EXERCISE GOAL » Below this line is a listing that includes pictures. Copy exactly, and only, the lines from the one containing "7月31日,在巴黎奥运会自由" through the one containing "Openers Shane Watson"; the pictures do not go in the copy.

= = = =

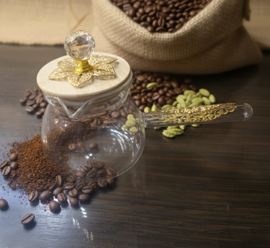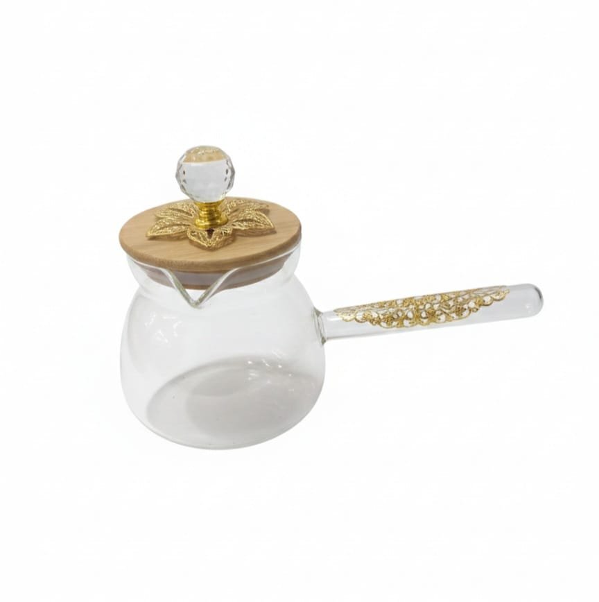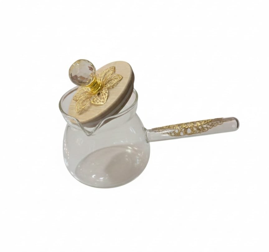 كمية ركوة بايركس حراري شفاف بغطاء خشبي
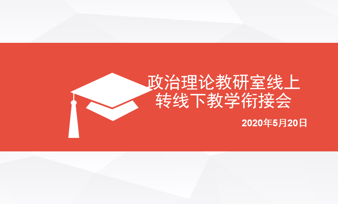 为保障开学复课线上线下教学秩序和质量,巩固线上教学成果,确保线上线下教学有效衔接,平稳过渡,圆满完成本学期教学工作,5月20日下午4时,思政教学部政治理论教研室全体教师相聚“云端”,进行了线上交流探讨。本次会议由政治理论教研室主任李阳主持。
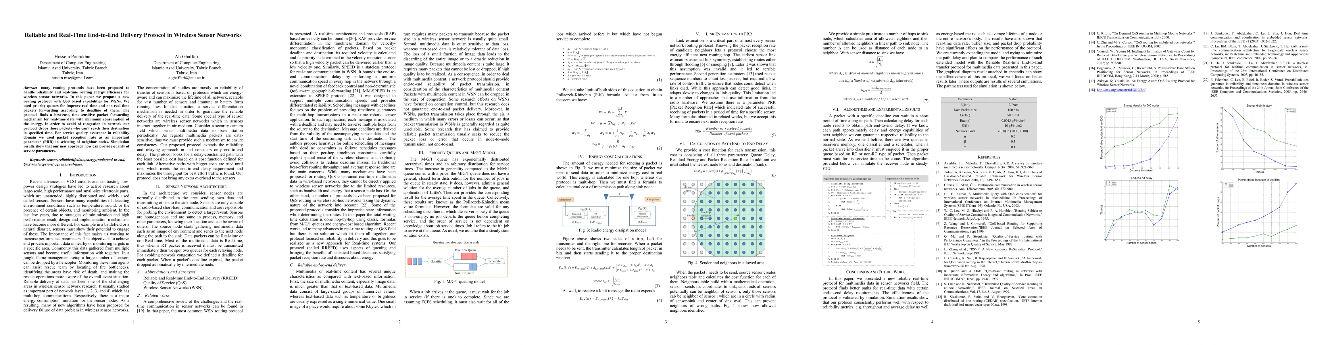 This paper proposes a new QoS-based routing protocol for wireless sensor networks that prioritizes real-time packet forwarding using priority queues and optimizes energy efficiency. The protocol ensures reliable delivery by dropping packets that cannot reach their destination on time and selects neighbor nodes based on packet reception rate for service quality assurance.
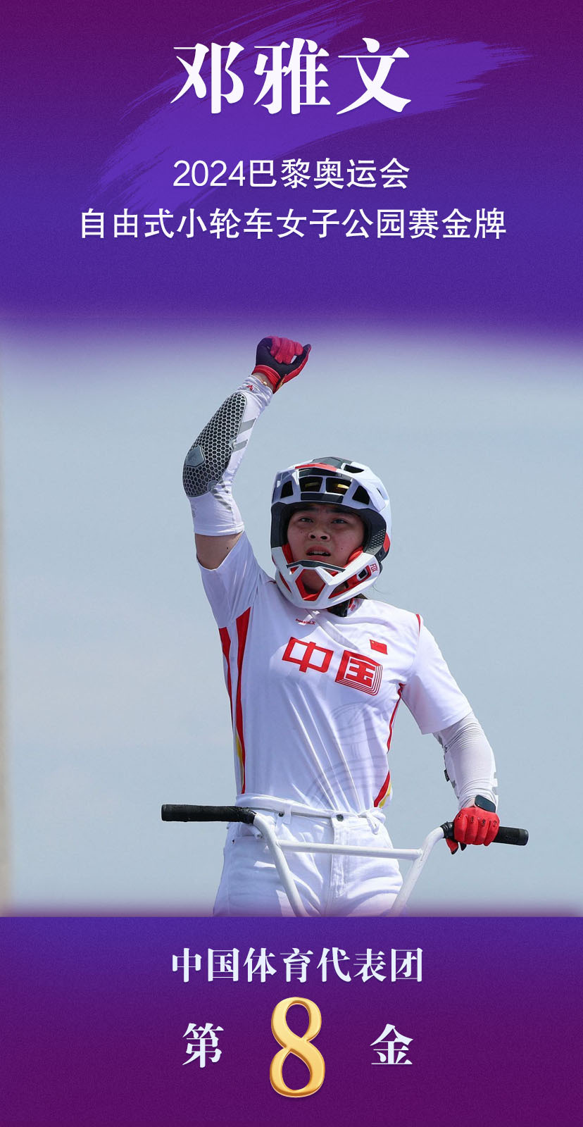 7月31日,在巴黎奥运会自由式小轮车女子公园赛决赛中,中国选手邓雅文夺得金牌。这是中国代表团在本届奥运会获得的第8枚金牌。
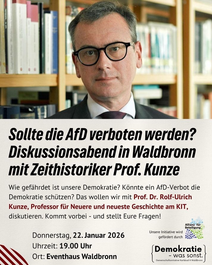 offener Diskussion ins Eventhaus Waldbronn ein. Im Mittelpunkt des Abends steht die Frage, wie wehrhaft unsere Demokratie heute ist – und ob ein AfD-Verbotsverfahren eine geeignete Möglichkeit ist, um die Demokratie zu schützen. Als Referent spricht der Karlsruher Zeithistoriker Prof. Dr. Rolf-Ulrich Kunze, der Neuere und neueste Geschichte an der Fakultät für Geistes- und Sozialwissenschaften des KIT Karlsruhe lehrt.
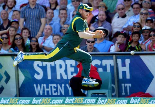 Openers Shane Watson (18) and Aaron Finch (25) are at the crease.
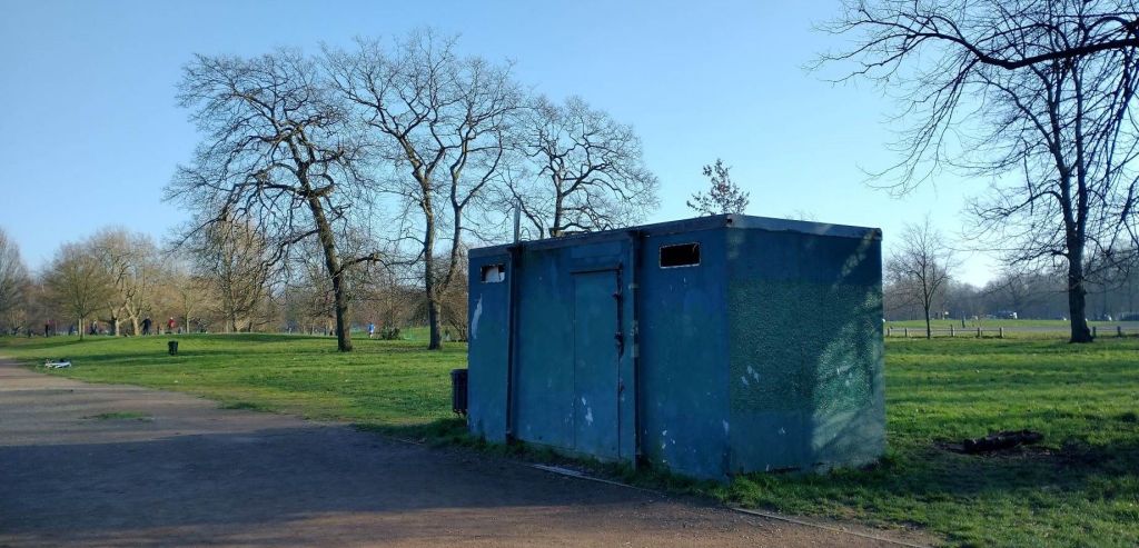 They’ve been on the brink of collapse for years! There are cracks around the walls at the back, brambles have taken over the access paths, someone stole most of the roof, and the whole building has a slight lean to it. The inside’s not much better – for those who’re confident enough to venture past the ‘dangerous structure’ signs scattered around the building it’s been a sort of store for groundskeeper junk – bent goalposts, burst footballs, abandoned shopping trollies. The old toilet building on Clapham Common westside – in the corner of the forest, nearest to Clapham Junction – closed decades ago, due to the usual combination of vandalism and dwindling maintenance budgets. The fact that this building was the very epicentre of one of the most notorious cottaging spots in the country, at a time when our LGBT community was a lot more in the shadows, probably played in to the decision too.
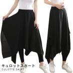 キュロットスカート ロング丈 重ね着風 レディース キュロットパンツ ボトムス ドレープ パンツ ハイウエスト ダンスウエア 大きサイズ 春 夏 秋
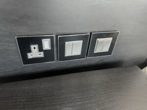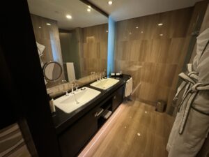 Wir haben für uns vier die Prestige Suite gebucht, da es hier einfach mit zwei Kleinkindern komfortabler ist. Durch das abgetrennte Wohnzimmer können wir, so wie wir es immer machen, die Kinder voneinander trennen und sie machen sich nachts nicht gegenseitig wach. Die Suite war, wie für eine Suite üblich mit einem WC ausgestattet, was sich direkt an der Eingangstür befindet. Dahinter stand linker Hand ein Tischchen, welcher mehr Schreibtisch als Esstisch war. Hier waren seitlich auch Kaffeemaschine, Wasser und andere nützliche Dinge untergebracht. Zentrales Element des Wohnzimmers war das Sofa mit Fernseher, hier haben wir auch gemeinsam in großer Runde zu Abend gegessen.
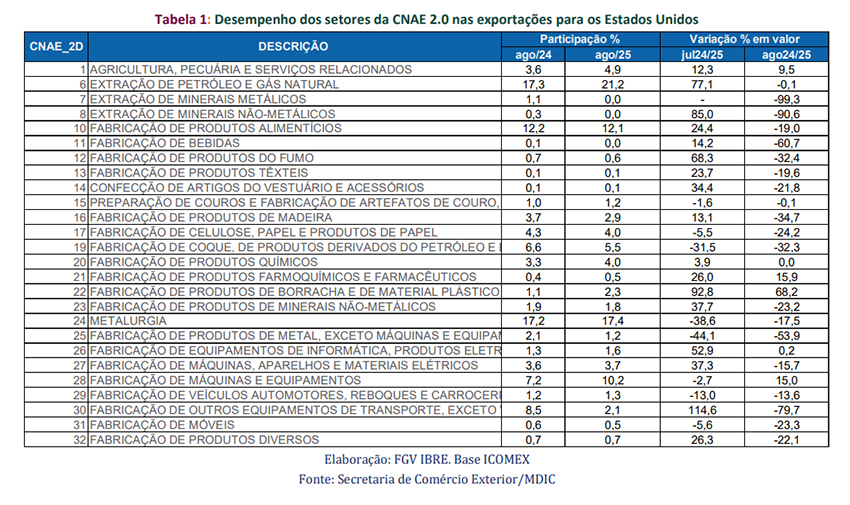 A Tabela 1 mostra a participação do segmento da CNAE (Classificação Nacional de Atividades Econômicas) nas exportações para os Estados Unidos em agosto de 2024 e de 2025. Depois, a variação entre os meses de julho e de agosto desses mesmos anos. Dos 26 segmentos analisados, 18 registraram variação positiva entre os meses de julho de 2024 e 2025 e todos experimentaram queda ou desaceleração na comparação da variação de julho com a dos meses de agosto. Comparam-se os mesmos meses para evitar efeitos sazonais.

= = = =

EXPECTED ANSWER »
 7月31日,在巴黎奥运会自由式小轮车女子公园赛决赛中,中国选手邓雅文夺得金牌。这是中国代表团在本届奥运会获得的第8枚金牌。
 offener Diskussion ins Eventhaus Waldbronn ein. Im Mittelpunkt des Abends steht die Frage, wie wehrhaft unsere Demokratie heute ist – und ob ein AfD-Verbotsverfahren eine geeignete Möglichkeit ist, um die Demokratie zu schützen. Als Referent spricht der Karlsruher Zeithistoriker Prof. Dr. Rolf-Ulrich Kunze, der Neuere und neueste Geschichte an der Fakultät für Geistes- und Sozialwissenschaften des KIT Karlsruhe lehrt.
 Openers Shane Watson (18) and Aaron Finch (25) are at the crease.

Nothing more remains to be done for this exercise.